> [Data segment]:
*** Begin section ***

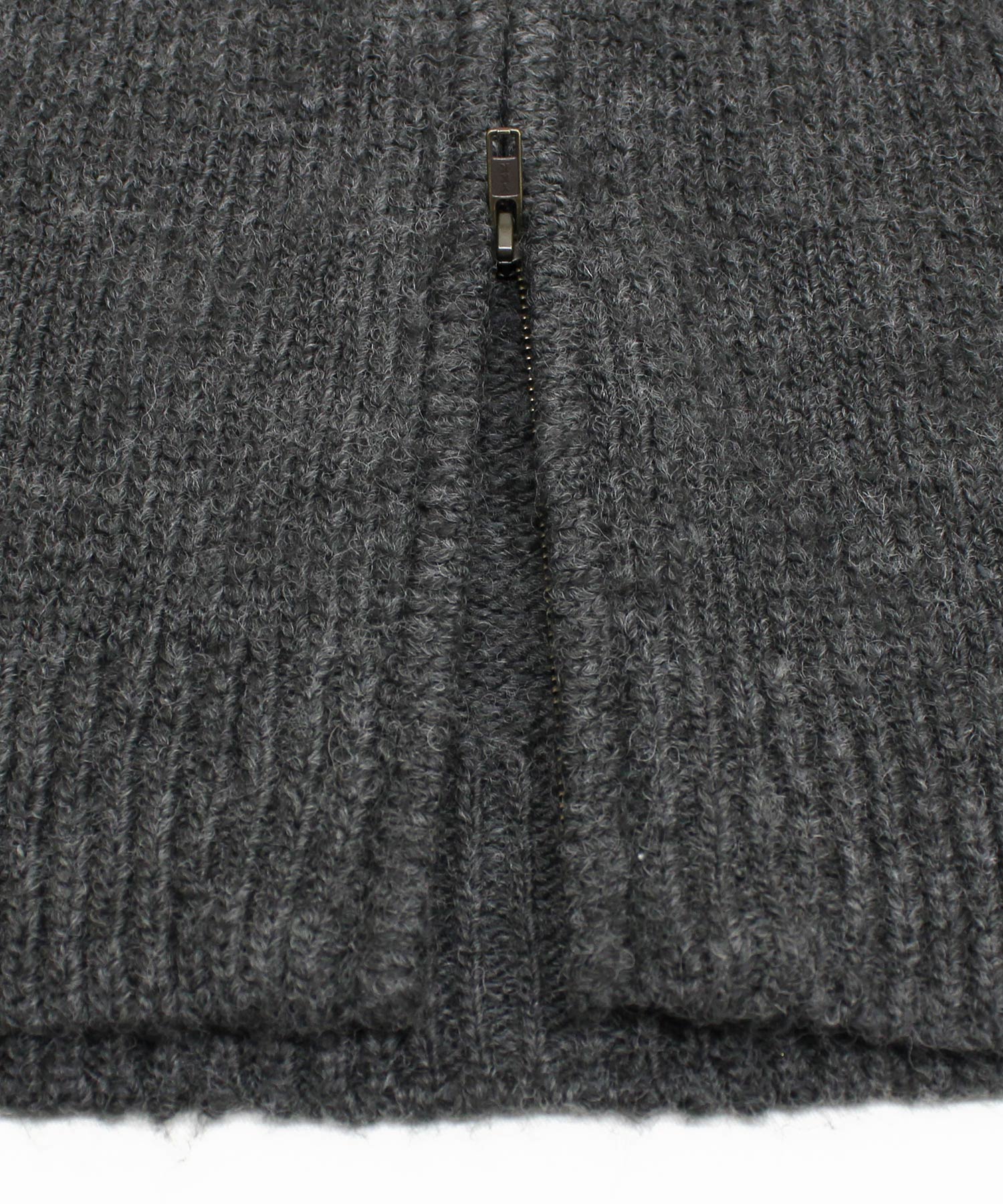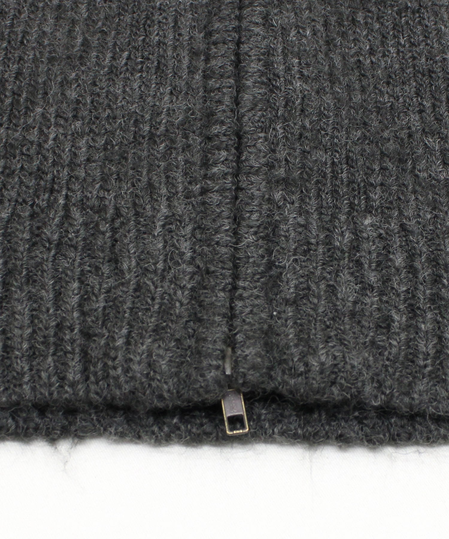 逆開のジップはトレンド感があり、ロンT、ワンピースと何にでもバランスが取りやすく合わせていただけます。また、ドロップショルダーなので肩先まで温かく、アームホールを大きく開けているので、薄手コートの上からも着用していただけます。
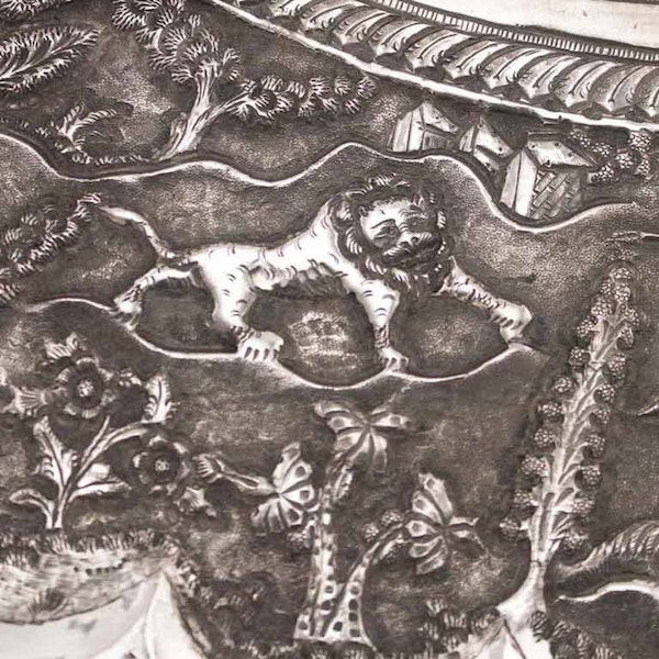 Hunting scenes were a favourite decorative design and often depicted on Lucknow silver. In the midst of the rural tranquillity a lion hunt is in progress; the hunter is standing in a howdah on top of an elephant with his gun pointed at a lion whilst the mahout sits astride the elephant’s neck, holding a pair of binoculars. Another attendant has already been overcome by a lion and lies prostrate on the ground with his dagger drawn, attempting to defend himself.
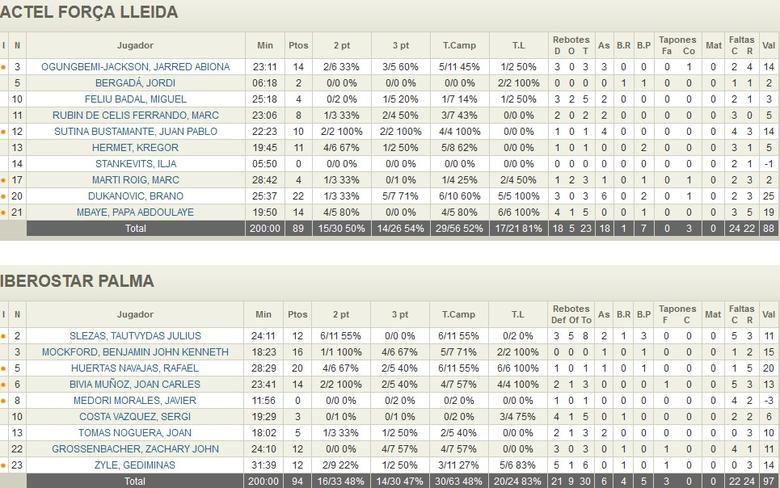 EL MVP: Brano Dukanovic, 22 puntos y 3 rebotes para 25 de valoración. A falta de Tim Derksen, el serbio llevó la presión anotadora exterior del Lleida con acierto. Bien es cierto que sus 5/7 en triples son casi en su totalidad liberados a causa de un mix entre la floja defensa palmesana y el “pase extra” catalán, aunque luego hay que meterlos, un 71% de acierto, brutal. Por parte de Palma apareció Rafa Huertas, tuvo su día en el tiro a media distancia y cuando a su equipo le quemaba la pelota cogió la responsabilidad para las entradas a canastas y paro a media distancia, para conseguir un total de 20 puntos y otros tantos de valoración.

*** End section ***

Restate the data above word for word. Do not include the images.

> [Answer space]:
 逆開のジップはトレンド感があり、ロンT、ワンピースと何にでもバランスが取りやすく合わせていただけます。また、ドロップショルダーなので肩先まで温かく、アームホールを大きく開けているので、薄手コートの上からも着用していただけます。
 Hunting scenes were a favourite decorative design and often depicted on Lucknow silver. In the midst of the rural tranquillity a lion hunt is in progress; the hunter is standing in a howdah on top of an elephant with his gun pointed at a lion whilst the mahout sits astride the elephant’s neck, holding a pair of binoculars. Another attendant has already been overcome by a lion and lies prostrate on the ground with his dagger drawn, attempting to defend himself.
 EL MVP: Brano Dukanovic, 22 puntos y 3 rebotes para 25 de valoración. A falta de Tim Derksen, el serbio llevó la presión anotadora exterior del Lleida con acierto. Bien es cierto que sus 5/7 en triples son casi en su totalidad liberados a causa de un mix entre la floja defensa palmesana y el “pase extra” catalán, aunque luego hay que meterlos, un 71% de acierto, brutal. Por parte de Palma apareció Rafa Huertas, tuvo su día en el tiro a media distancia y cuando a su equipo le quemaba la pelota cogió la responsabilidad para las entradas a canastas y paro a media distancia, para conseguir un total de 20 puntos y otros tantos de valoración.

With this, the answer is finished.